- Murt Location within Iran Murt Location within Ilam Province
- Coordinates: 33°42′10″N 46°16′16″E﻿ / ﻿33.70278°N 46.27111°E
- Country: Iran
- Province: Ilam
- County: Chavar
- District: Central
- Rural District: Arkavazi

Population (2016)
- • Total: 1,088
- Time zone: UTC+3:30 (IRST)

= Murt, Ilam =

Village in Ilam province, Iran

Murt (مورت) (Note: Also romanized as Mūrt; also known as Kāni Mūrt) is a village in, and the capital of, Arkavazi Rural District of the Central District (Note: Formerly Chavar District of Ilam County) of Chavar County, Ilam province, Iran.

==Demographics==
===Ethnicity===
The village is populated by Kurds.

===Population===
At the time of the 2006 National Census, the village's population was 1,082 in 204 households, when it was in Chavar District (Note: Renamed the Central District of Chavar County) of Ilam County.
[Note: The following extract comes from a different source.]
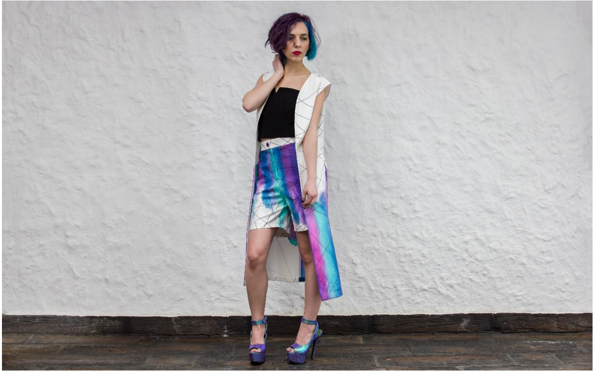
Slika 26: Model 5, naprijed
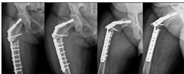
▲ Figura 7. Radiografías de cadera derecha. Pseudoartrosis asociada a falla del material de osteosíntesis. Se destaca la falta de consolidación típica de las fracturas por bifosfonatos, manteniendo bien visibles sus características iniciales, como la espícula medial. Se observa también cómo el material de osteosíntesis se fatigó a nivel del orificio que pasa por el foco fracturario. No se detectan signos de aflojamiento del tornillo cefálico ni de los tornillos de la placa.

Fue dada de alta con cuidados domiciliarios y fue controlada clínica y radiológicamente a los 15, 45, 90 y 180 días de la cirugía. A los 6 meses de seguimiento, la paciente deambulaba sin asistencia, sin dolor y se constató la consolidación de la fractura en las radiografías (Figuras 9 y 10). El fémur contralateral no provoca síntomas y los estudios por imágenes no muestran un franco avance de la patología, por lo que se mantiene una conducta expectante.

The following census in 2011 counted 1,200 people in 271 households. The 2016 census measured the population of the village as 1,088 people in 284 households. It was the most populous village in its rural district.

In 2019, the district was separated from the county in the establishment of Chavar County and renamed the Central District.